For this to work you directory should have:

  1. a language directory with crawled data e.g. az a. this language directory should have the input data for the language which could be wiki or crawled data processed by Babel. e.g. az/crawls-minf10
  2. a burstinessMeasures directory with burst..en and burst.. files
  3. a config file, which specifies various configuration options. An example would be:

useprefix=true useprefixcands=false inputDataDirectory=. burstinessMeasuresDirectory=burstinessMeasures wikipredir=wiki-minf10-Prefix/output crawlspredir=crawls-minf10-Prefix/output usesuffix=true usesuffixcands=false wikisufdir=wiki-minf10-Suffix/output crawlssufdir=crawls-minf10-Suffix/output byfreq=false crawlsdir=crawls-minf10/output wikidir=wiki-minf10/output frwikiwords=wiki-minf10/output/srcinduct.list frcrawlswords=crawls-minf10/output/srcinduct.list dictfile=/nlp/users/shreejit/MTurkDicts/mturk.$LANG$ useLog=true readData=true writeData=true doClassification=true

  1. A MTurk dictionary file as specified in the config file. which has individual word translations as gathered by MTurk HITS

The config file must contain options as mentioned below for the language it is run Config read: prefix prefix candidates suffix suffix candidates do frequency read/write data do classification do logistic regression

If the readData option is set to true, then it reads 4 files in the language crawls sub directory

If byfreq is set to true, then the script will read edit.NUM.scored time.NUM.scored aggmrr.NUM.scored context.NUM.scored if not then reads context.scored time.scored aggmrr.scored edit.scored which are present in the /<crawl/wiki>/output directory e.g. az/crawls-minf10/output

If dofreq and readData options are set to true, then 10 runs are done over the whole training and evalation (though data is only generated once).
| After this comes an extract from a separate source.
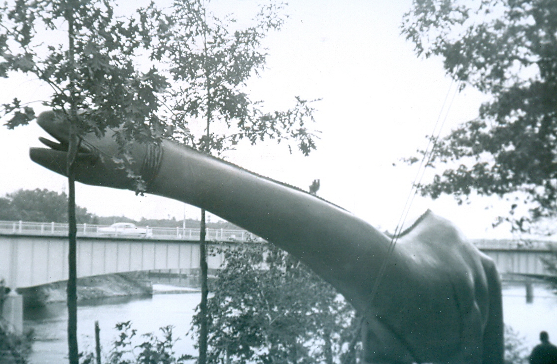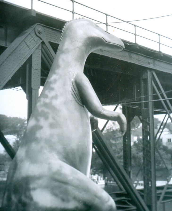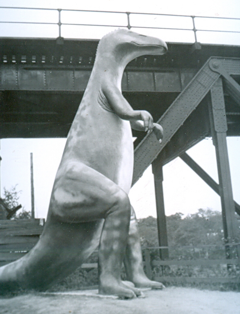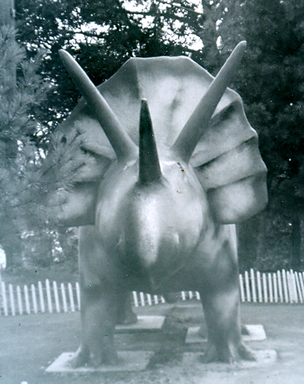 Photos snapped in the “Prehistoric Land,” a part of the “Enchanted Forest,” at the Dells, Wisconsin. (That’s Yours Truly astride the life-sized Triceratops statue.)

These are added to a scores array which should have crawls context crawls time edit crawls aggmrr uniq set of words for each freq bin

After this, 1/3 of the data is written to training, test and blind data sets in the vowpal wabbit.

Vowpal wabbit is used for the supervised learning. It will either run linear or logistic regression depending on the option in the config.

After this it computes the accuracies of the predictions and checks if any of the correct answers are in the top sorted candidates or not.

##VOWPAL Section

The following can be done about the reviewers’ comments:

  1. The vw package has a neural network mode, as well as the option to add quadratic and cubic features automatically. We can test with them individually to check the accuracy.
  2. Vowpal also has —l1 and —l2 regularization modes that can help cut down on the feature space. We could try the elastic net and keep very small weights like 0.0001 on both and see how that works.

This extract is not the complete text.